On the offensive in pursuit of that elusive bank debt deal
EUROPEAN DIARY:With under 100 days to go before Ireland’s presidency of the EU, the countdown has begun in earnest, writes ARTHUR BEESLEY
ENDA KENNY must have been up and about before 5am yesterday to make the 6.50am Aer Lingus flight to Brussels.
If the Taoiseach felt at all fatigued during a hectic day of EU meetings, he showed no sign of it. He finished the visit with the speech last night to the Institute of European affairs before flying home on the government jet.
Kenny was here in the cold and wet for talks on Ireland’s imminent presidency of the EU. With him were Tánaiste Eamon Gilmore and nine other Government luminaries.
Ministers gathered in Ireland’s permanent representation to the EU on Rue Froissart before being ferried up the street in Volkswagen people-carriers to the Berlaymont base of the EU Commission. Michael Noonan was in the room next to where the Taoiseach and Tánaiste gave a press conference. Joan Burton sat in the lobby under a portrait of President Michael D Higgins.

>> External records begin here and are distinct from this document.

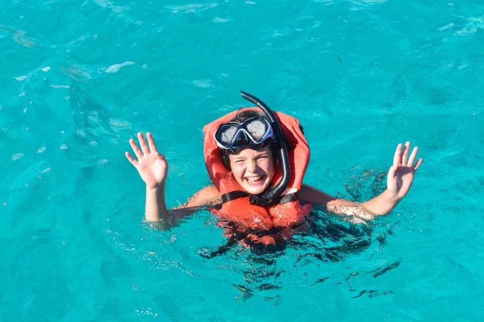 Set sail, cruising through azure waters towards the island’s pristine shores. Stay hydrated during the day with soft drinks or indulge with some alcoholic beverages Along the way, revel in a 45-minute stop at the enchanting Natural Pool, where crystal-clear waters and starfish await.
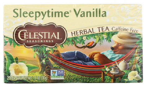 The Sleepytime Vanilla Herbal Tea Caffeine Free by Celestial Seasonings blends soothing chamomile, spearmint, and lemongrass with creamy vanilla for a calming bedtime tea.
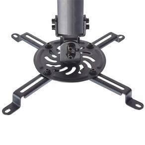 O suporte para projetor PRO1100B ELG é indicado para instalação em tetos de alvenaria ou vigas de madeira e compatível com projetores até 13,5Kg que possuam 3 ou 4 pontos de fixação roscados. O afastamento entre os pontos roscados presentes no projetor deve ser entre 54 e 320mm diâmetro para alcançar as hastes do suporte.A base possui regulagem de altura com distância mínima do teto até o projetor de 54,5cm e máxima de 90cm.Ajuste preciso da imagem projetada. Possui várias opções de ajustes, como rotação até 360 graus, ajuste de ângulo vertical e horizontal de +/-15 graus e ajuste para teto inclinado.Produzido em aço carbono com tratamento anticorrosão e pintura epóxi eletrostática de alta resistência, aliando durabilidade, segurança e excelente acabamento. Garantia de 03 anos.
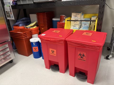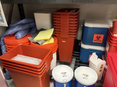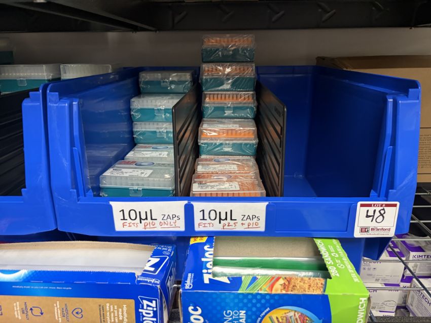 Large Lot of Consumables Including :Biohazard Bins, Eppendorf Protien LoBind Tubes, Eppendorf Safe-Lock Tubes, Qiagen Collection Tubes, Kimtech Terling Nitrile Gloves, Various Sized Labcon Pipette Tips; w/ Gladiator Rack
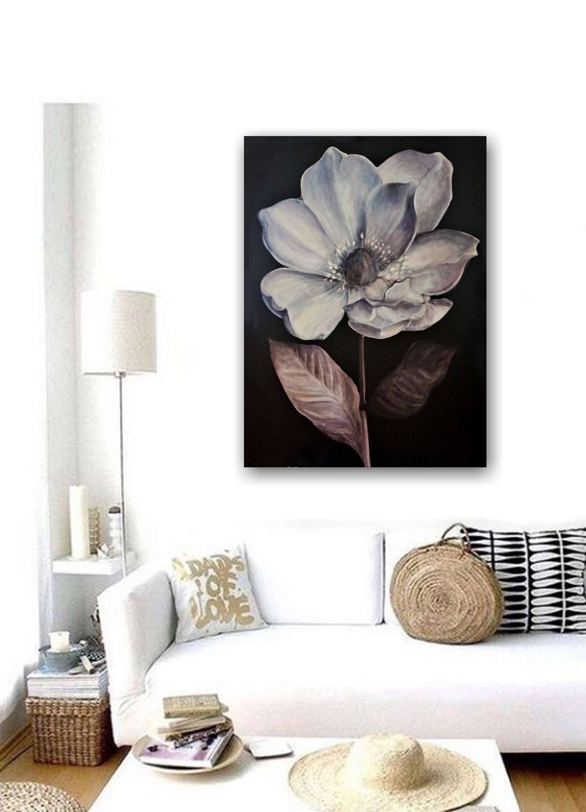 Kwiat magnolii jest nie tylko piękny, ale kryje w sobie cenne cechy, żywe historie i niesie silną symbolikę. Kwiat białej magnolii symbolizuje czystość, niewinność, wiarę, nadzieję, duchowość, miłość i troskę. Wysyła delikatne, miłe i niewinne przesłanie każdemu, kogo kochasz. Oznacza: kobiecość, piękno,czystość, godność. Obraz jest pełny majestatu, dzięki jego jego symbolicznemu znaczeniu, eleganckiej kolorystyce, nadaje się idealnie do współczesnych wnętrz.
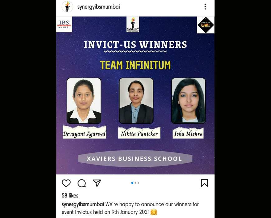 Isha Mishra, Nikita Panicker and Divyani Agarwal of MBA 1st Year (2020-22 Batch) have secured 1st position in the event Invict-us (Best Manager) at Konflux 2021 organised by ICFAI Business School, Mumbai, on 9th January, 2021.
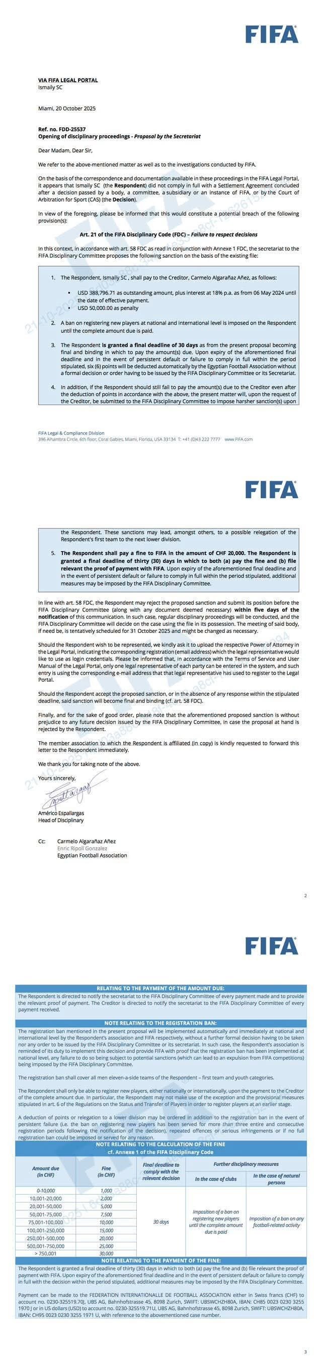 أكد (فيفا) في خطابه أن الإسماعيلي لم يلتزم باتفاق التسوية الموقع مع اللاعب، ما اعتبره مخالفة صريحة للمادة 21 من قانون الانضباط الخاص بالاتحاد الدولي لكرة القدم.
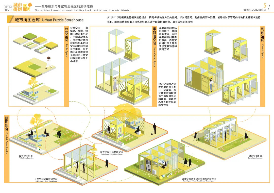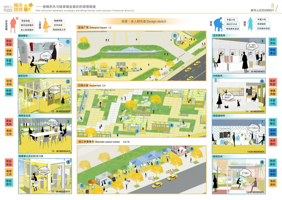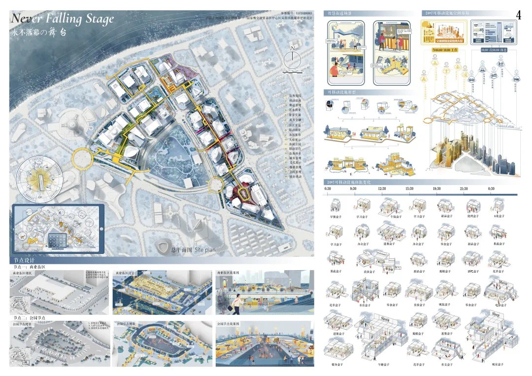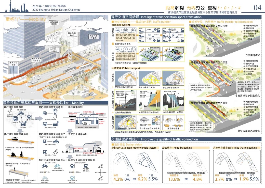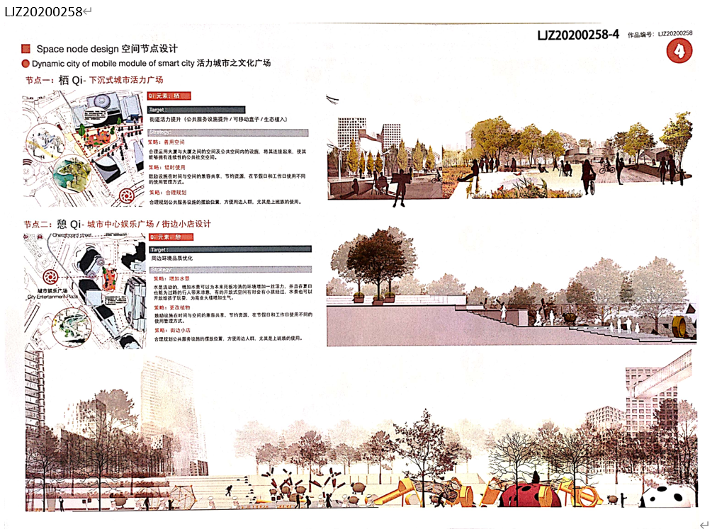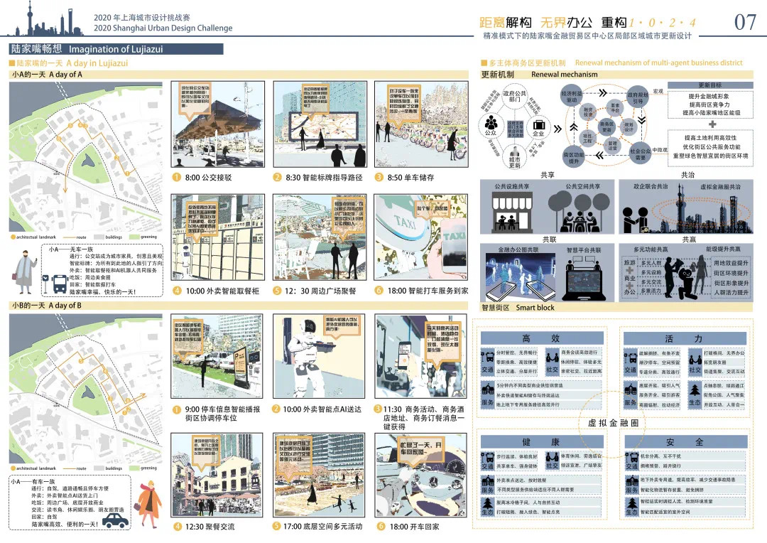方案設計說明:本方案以基于數(shù)據(jù)實時反饋的自主街區(qū)為主題,通過構建自主交通、自主活力和自主城市大腦三大系統(tǒng),引入膠囊巴士、交通管理系統(tǒng)、智能可變鋪裝、智能活力細胞、底層分時開放、城市大腦和信息共享平臺,以提升該地區(qū)的空間活力;系統(tǒng)的運轉基于場地的時空需求進行實時調(diào)整,進行可持續(xù)的漸進式更新。
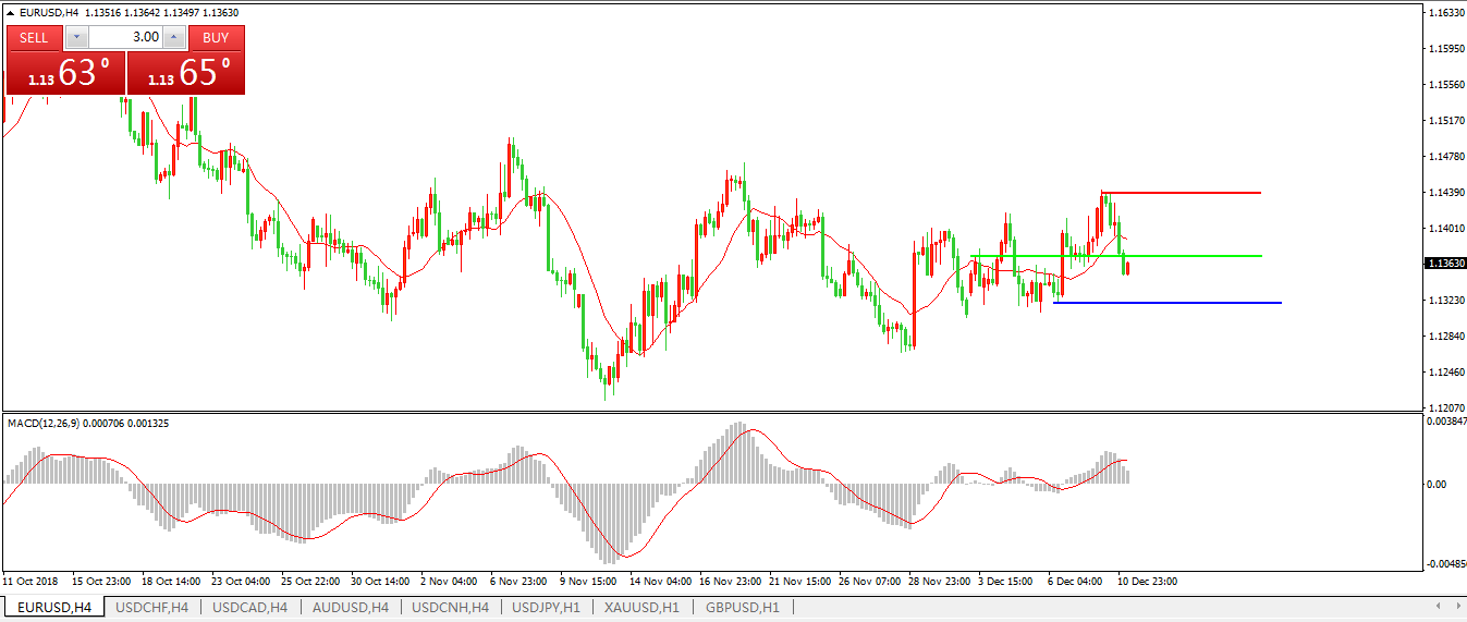 基本面简析:12月欧元区投资者信心连续第四个月下跌,并跌至四年低点,主要由于对贸易摩擦、意大利与欧盟的预算争端和英国脱欧的担忧。
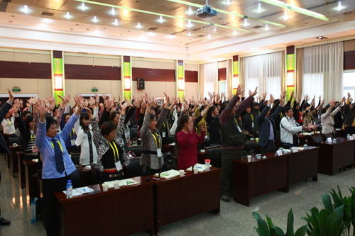 61歲的盧勤老師,曾是《中國少年報》著名欄目“知心姐姐”多年的主持人,52歲時又創辦了《知心姐姐》雜志。她個人撰寫的關于家庭教育的圖書銷售量超過500萬冊,被廣大的少年兒童和家長譽為“知心姐姐”。下午三時許,講座正式開始。盧勤老師一襲紅裝,精神矍鑠,抑揚頓挫的表達,張弛有度的動作,將現場氣氛調動得非常活躍。“好!好!好!太好了!”“行!行!行!我能行!”“棒!棒!棒!你真棒!”場下200余位嘉賓積極主動地配合盧勤老師,會場上笑聲不斷,掌聲不絕。

Absent from the group was Minister for Health James Reilly, whose problems flared up again with the disclosure of his link to Balbriggan developer Séamus Murphy. While the embattled Reilly doggedly fought his ground in Dublin, the Taoiseach went on the offensive in Brussels in pursuit of that elusive bank debt deal. The official position, of course, was that the delegation was in town primarily to discuss Ireland’s preparations for its prime role in EU affairs next year. “This is regarded by us as a real curtain-raiser for the Irish presidency on the 1st of January,” Kenny said.
Moments later, he would say that he had not come to Brussels for deep talks on the banking question. “It’s not a case of having a substantive discussion about bank debt or debt sustainability today.” But the Taoiseach still laid down a marker for those in the German, Dutch and Finnish governments who would deny Ireland relief on legacy bank assets.
“Clearly, the decision of the European Council was based on fact and on the evidence before the eyes of the leaders of the 27 and it wasn’t in my view based on problems that might arise some time in the future,” he said.
“Clearly, there are problems with a number of countries and those problems have arisen over a past period of time so in that sense the understanding here was that the decision of the council was to deal with problems on the table now and that have arisen in the past.”